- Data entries
========

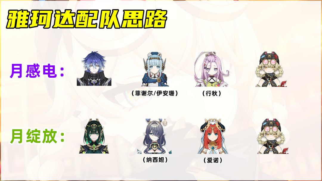月感电:菲林斯+伊涅芙/菲谢尔/伊安珊+爱诺/行秋+雅珂达月绽放:奈芙尔+菈乌玛/纳西妲+妮露/爱诺+雅珂达
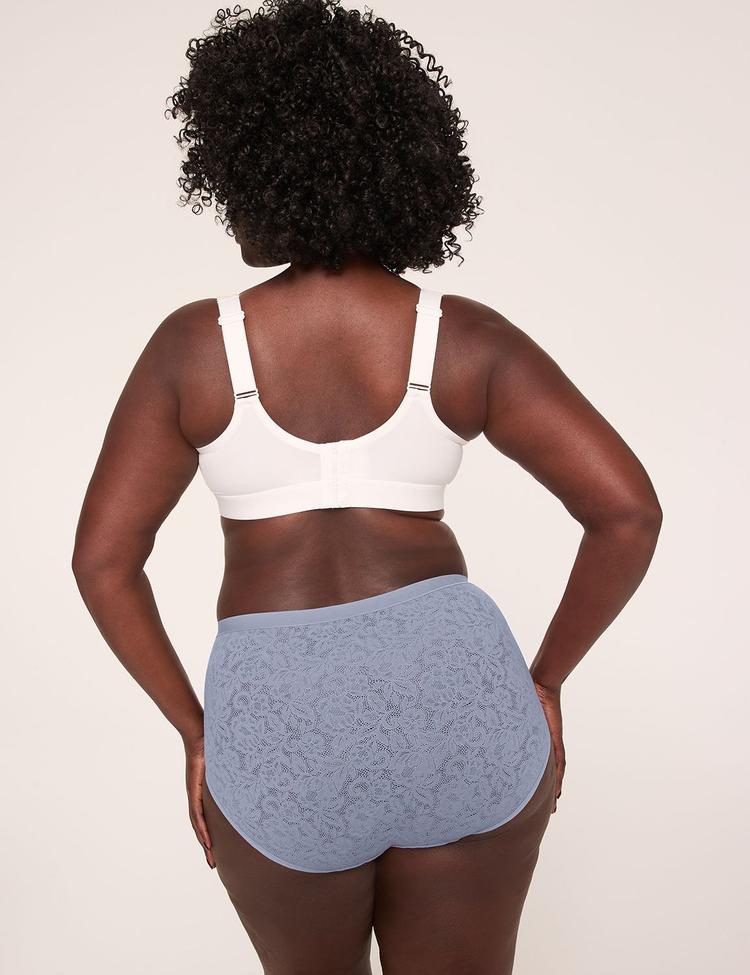 Available in Plus Size Treat your tush to so-soft lace that stretches with your every move (while staying in place all day!). You'll love this high-leg brief cut, now with no-show elastic (AKA instantly disappears under clothes) at the waist and legs. FIT: High-Leg Brief. Comfy, full coverage with a high-cut leg that lengthens for a flattering fit.Sits just above the belly buttonHigher cut leg FEATURES: Comfy lace waistband that stays in place (all day!) No-Show elastic at waist and legs Bow at front 100% Cotton-lined gusset FABRIC: Stretch Lace. Sexy, 4-way stretch lace with a forget-you-have-them-on-feeling. Machine Wash Warm With Like Colors Only Non-Chlorine Bleach When Needed Tumble Dry Low Cool Iron If Needed Body: 67% Nylon/33% Spandex Gusset: 100% Cotton WHY OUR PANTIES ARE THE BEST FOR CURVES: We design, test and refine on real bodies for the ultimate curve-perfect fit for every body Our feel-good elastics stay put-no slips or digs Our unique-for-curves construction keeps you wedgie-free We reinforce the softest threads for extra-secure seams that last wash after wash Item Number #412739 Imported Plus Size Panty Cacique Intimates ". Plus Size Tailored Stretch Lace High-Leg Brief Panty, in Stonewash, 18/20, Women's, Cacique for Lane Bryant
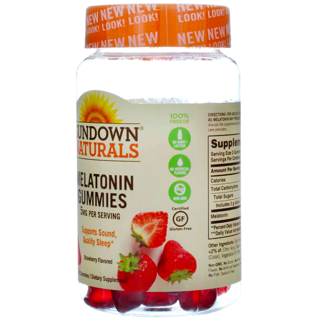 Sundown Naturals Melatonin Gummies 5mg Gluten Free 60ct EachSundown Naturals Melatonin strawberry gummies taste great, and provide you with 5 mg of Melatonin, which works in harmony with your natural sleep cycle to give you the tranquil rest you deserve.* With Melatonin Gummies, you can support sound, quality sleep, and awaken feeling refreshed.* Plus, Melatonin helps you get to sleep faster, and stay asleep longer.* Melatonin is ideal for people experiencing occasional sleeplessness, those with jet lag, or anyone seeking to improve their quality of rest.*
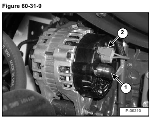 Disconnect the wiring harness connector (Item 2) [Figure 60-31-9] from the alternator.
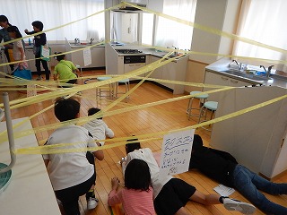大きな地震が発生し、学校に残った児童が校内に宿泊する、という設定で、4年生が防災宿泊体験を行いました。

========

- TASK
Give the records a second time exactly, keeping the images out.

- ANSWER FOR THIS EXERCISE
月感电:菲林斯+伊涅芙/菲谢尔/伊安珊+爱诺/行秋+雅珂达月绽放:奈芙尔+菈乌玛/纳西妲+妮露/爱诺+雅珂达
 Available in Plus Size Treat your tush to so-soft lace that stretches with your every move (while staying in place all day!). You'll love this high-leg brief cut, now with no-show elastic (AKA instantly disappears under clothes) at the waist and legs. FIT: High-Leg Brief. Comfy, full coverage with a high-cut leg that lengthens for a flattering fit.Sits just above the belly buttonHigher cut leg FEATURES: Comfy lace waistband that stays in place (all day!) No-Show elastic at waist and legs Bow at front 100% Cotton-lined gusset FABRIC: Stretch Lace. Sexy, 4-way stretch lace with a forget-you-have-them-on-feeling. Machine Wash Warm With Like Colors Only Non-Chlorine Bleach When Needed Tumble Dry Low Cool Iron If Needed Body: 67% Nylon/33% Spandex Gusset: 100% Cotton WHY OUR PANTIES ARE THE BEST FOR CURVES: We design, test and refine on real bodies for the ultimate curve-perfect fit for every body Our feel-good elastics stay put-no slips or digs Our unique-for-curves construction keeps you wedgie-free We reinforce the softest threads for extra-secure seams that last wash after wash Item Number #412739 Imported Plus Size Panty Cacique Intimates ". Plus Size Tailored Stretch Lace High-Leg Brief Panty, in Stonewash, 18/20, Women's, Cacique for Lane Bryant
 Sundown Naturals Melatonin Gummies 5mg Gluten Free 60ct EachSundown Naturals Melatonin strawberry gummies taste great, and provide you with 5 mg of Melatonin, which works in harmony with your natural sleep cycle to give you the tranquil rest you deserve.* With Melatonin Gummies, you can support sound, quality sleep, and awaken feeling refreshed.* Plus, Melatonin helps you get to sleep faster, and stay asleep longer.* Melatonin is ideal for people experiencing occasional sleeplessness, those with jet lag, or anyone seeking to improve their quality of rest.*
 Disconnect the wiring harness connector (Item 2) [Figure 60-31-9] from the alternator.
大きな地震が発生し、学校に残った児童が校内に宿泊する、という設定で、4年生が防災宿泊体験を行いました。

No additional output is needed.